__PROBLEM DESCRIPTION__: Your answer must match, word for word, the lines from the one holding "A 12 x 8 ft" through the final line below, with pictures excluded.

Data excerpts
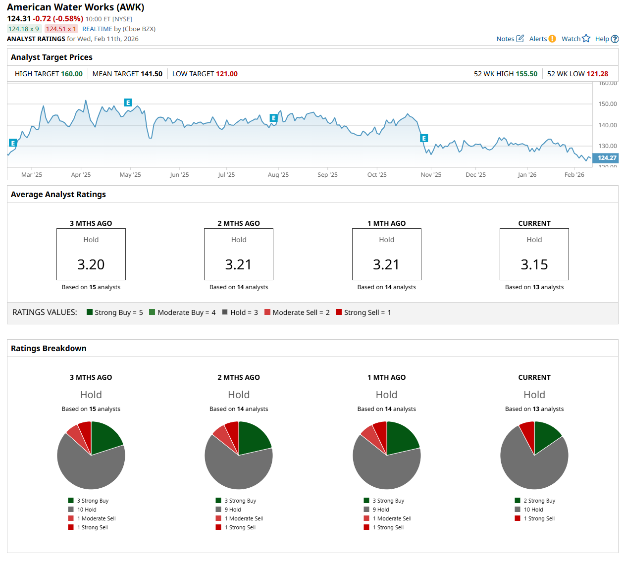 On Jan. 22, Nicholas Campanella from Barclays PLC (BCS) maintained a “Sell" rating on AWK, with a price target of $122.
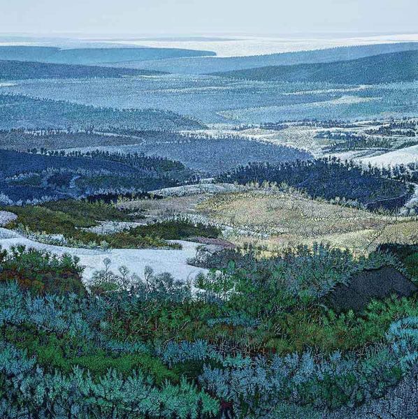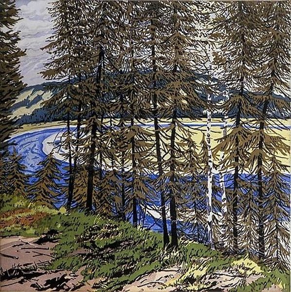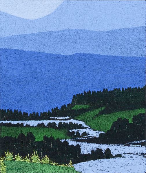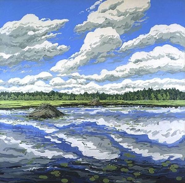 Editor: Neil Welliver’s “Illusory Flowage,” painted in 1996 with acrylic on panel, strikes me as so peaceful, almost meditative. The water's reflections create a really interesting visual push-and-pull. What do you see in this piece? Curator: I see a complex layering of symbolic representation. The reflection itself, is of course a symbol of mirroring and the subconscious. Water has always signified purity, renewal, the flow of time. But look closely at how Welliver renders the trees, solid and stoic and contrasting with ephemeral nature of the reflection. Consider how the uprightness of the trees is undermined. Do you see the visual tension Welliver has created between the grounded, material world and its insubstantial echo? Editor: That’s fascinating! The idea of the trees being stoic, yet visually disrupted, really changes how I see it. Curator: And what do trees usually symbolize? The forest has ancient connections to myths, legends, and the exploration of the human psyche. What do you think the overlapping between the natural world above and mirrored version tells us about what it meant for him to be painting this “en plein air”? Editor: Maybe a desire to understand nature by getting to know it and its own symbolism or reflection of itself. Almost like getting to know another side to himself through nature? Curator: Exactly. The cultural memory ingrained within us connects nature, introspection and the unconscious; Welliver’s “Illusory Flowage” activates this. Editor: I never considered the forest's deeper symbolism. This gives me a totally different perspective on the painting. Curator: Indeed. Hopefully this fresh perspective helps you think of visual material as layered meanings and cross-cultural and individual interpretations. Editor: Absolutely. This has been really insightful; I will look at art and all reflections differently now.
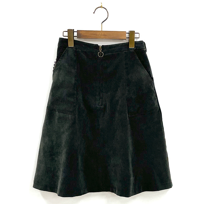 コーデュロイ素材のスカートです。ミドル丈ですっきりとしたシルエットが◎。ブラウスやゆったりめのニットとあわせたスタイリングがおすすめ。大き目のポケットで利便性も◎。
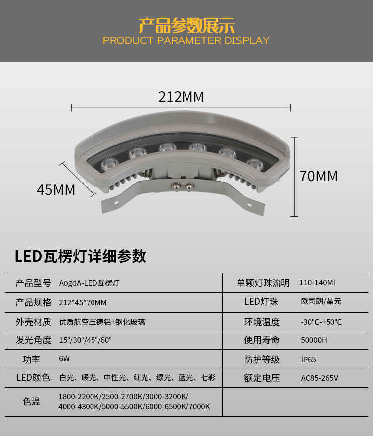 產品功率:3W;5W;6W;
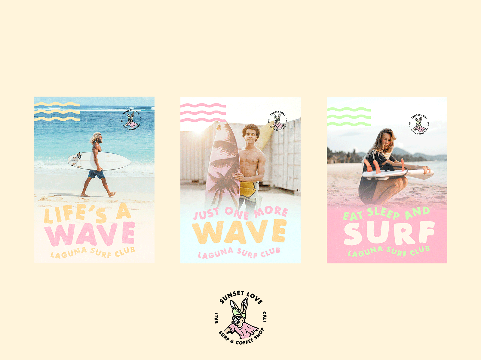 Sunset Love is a surf and coffee shop based in Bali and Laguna Beach, California. The brand was inspired by the surf lifestyle in Bali. After owning a surf shop in Padang Padang, Bali for decades, they will be opening a few physical shops in southern California. MIA/HUNTER was tasked with creating the brand, packaging design, and online shop. We collaborated with Ilham Afrora a talented illustrator and designer based in Indonesia. He was able to capture the founder’s vision for something fun and hip.
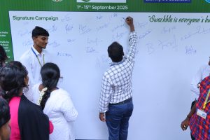 A 12 x 8 ft Signature Campaign banner titled “Swachhata is Everyone’s Business” was placed near the University Block. The event was inaugurated with the first signature by Principal Prof. Dr. S. R. R. Senthilkumar, joined by NSS Programme Officers Dr. P. Iyyanar and Mr. A. Naveen Kumar. Following this, students, faculty, and staff enthusiastically signed the banner, pledging their commitment to the cause. With over 300 participants, the completed banner now stands as a proud symbol of the community’s collective resolve toward cleanliness, hygiene, and civic duty.
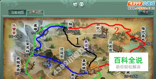 3、玉鼎洞天(红色线路),是仅次灵墟涯高手埋伏较多的地方,运镖线路较短; 4、玄元岭(蓝色线路),线路比较短,但也高手埋伏较少,新玩家可以多从此道通过; 5、散花池(绿色线路),绕道很远,只要出口没有,一般都可以顺利运达。
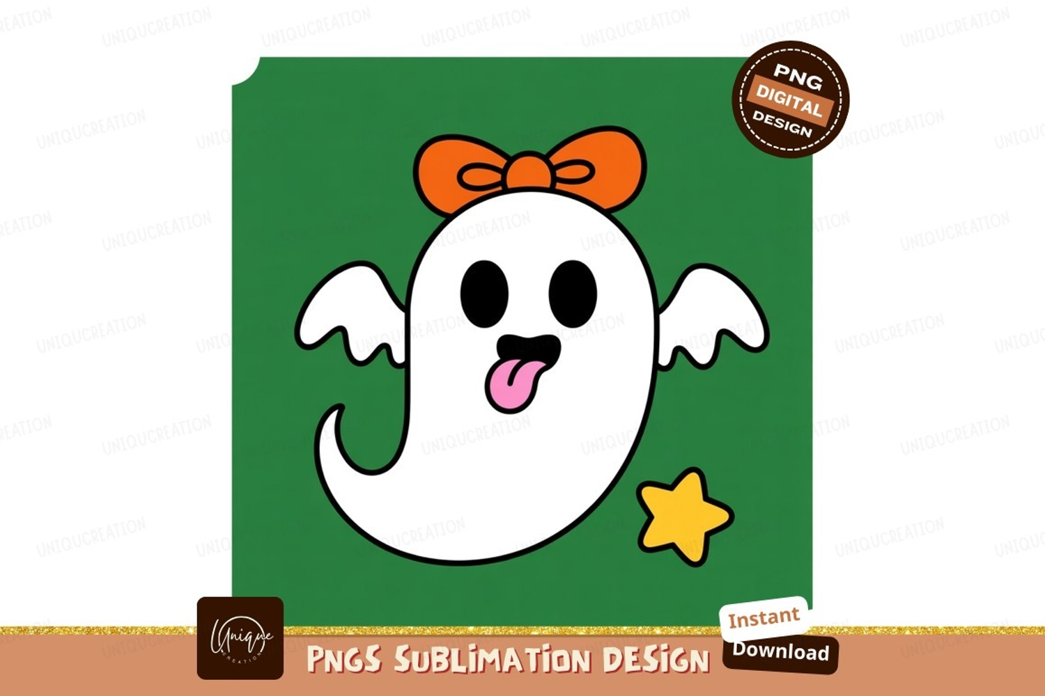 Similar Design Products to Black ghost with orange bow and pink tongue image

__RESULT FOR THIS EXERCISE__:
 A 12 x 8 ft Signature Campaign banner titled “Swachhata is Everyone’s Business” was placed near the University Block. The event was inaugurated with the first signature by Principal Prof. Dr. S. R. R. Senthilkumar, joined by NSS Programme Officers Dr. P. Iyyanar and Mr. A. Naveen Kumar. Following this, students, faculty, and staff enthusiastically signed the banner, pledging their commitment to the cause. With over 300 participants, the completed banner now stands as a proud symbol of the community’s collective resolve toward cleanliness, hygiene, and civic duty.
 3、玉鼎洞天(红色线路),是仅次灵墟涯高手埋伏较多的地方,运镖线路较短; 4、玄元岭(蓝色线路),线路比较短,但也高手埋伏较少,新玩家可以多从此道通过; 5、散花池(绿色线路),绕道很远,只要出口没有,一般都可以顺利运达。
 Similar Design Products to Black ghost with orange bow and pink tongue image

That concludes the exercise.